_Exercise description_: Begin at the line that contains "おすすめのツボは手のひらを上" and reproduce it along with every line after it to the end of the listing; skip any pictures.

_Dataset excerpt_:
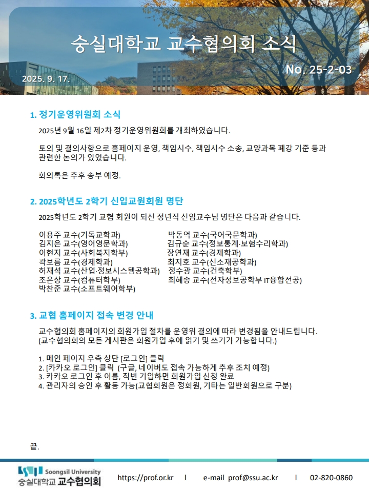 교협소식 25-2-03 페이지 정보 작성자 최고관리자 댓글 0건 조회 249회 작성일 25-09-17 13:50 목록 본문 . 이전글교협소식 25-2-04 25.09.24 다음글교협소식 25-2-02 25.09.10
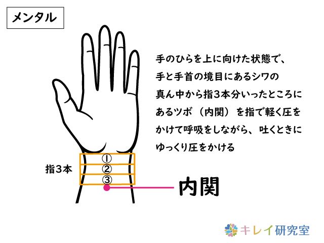 おすすめのツボは手のひらを上に向けた状態で、手と手首の境目にあるシワの真ん中から指3本分いったところにある内関というツボです。
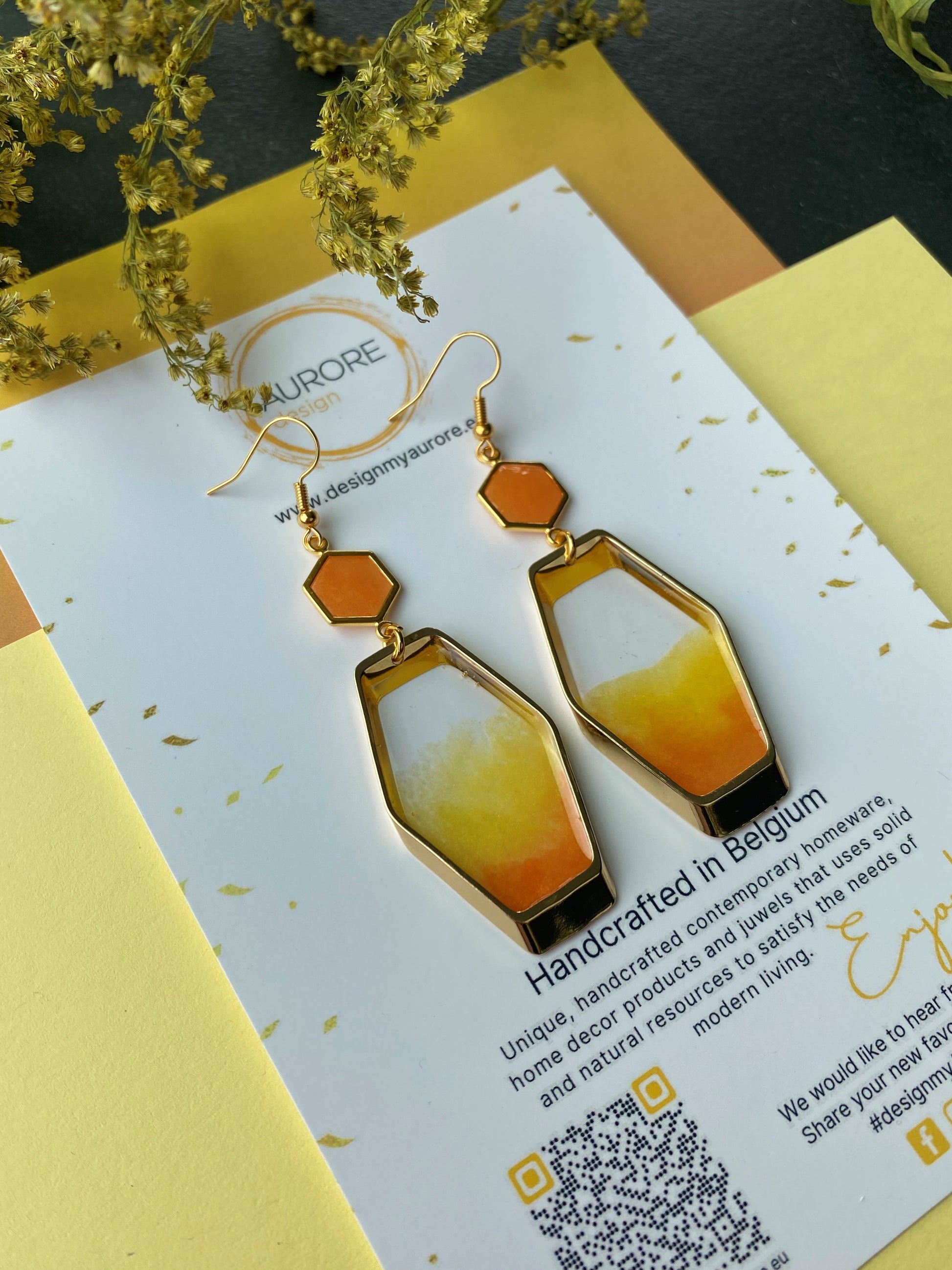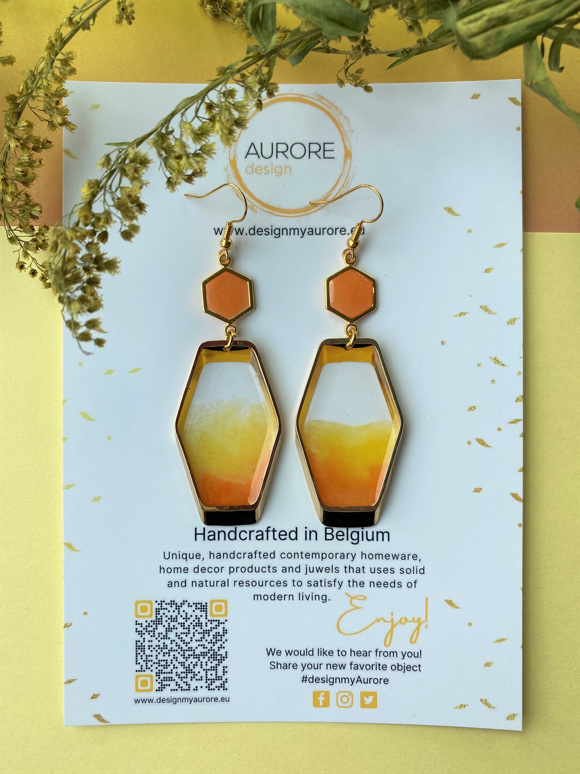Ook deze oorbellen zijn handgemaakt, kleine variaties in de tekening kunnen voorkomen. Deze oorbellen maken onderdeel uit van de Hexa lijn en komen in verschillende kleuren.

_Finished task_:
 おすすめのツボは手のひらを上に向けた状態で、手と手首の境目にあるシワの真ん中から指3本分いったところにある内関というツボです。
Ook deze oorbellen zijn handgemaakt, kleine variaties in de tekening kunnen voorkomen. Deze oorbellen maken onderdeel uit van de Hexa lijn en komen in verschillende kleuren.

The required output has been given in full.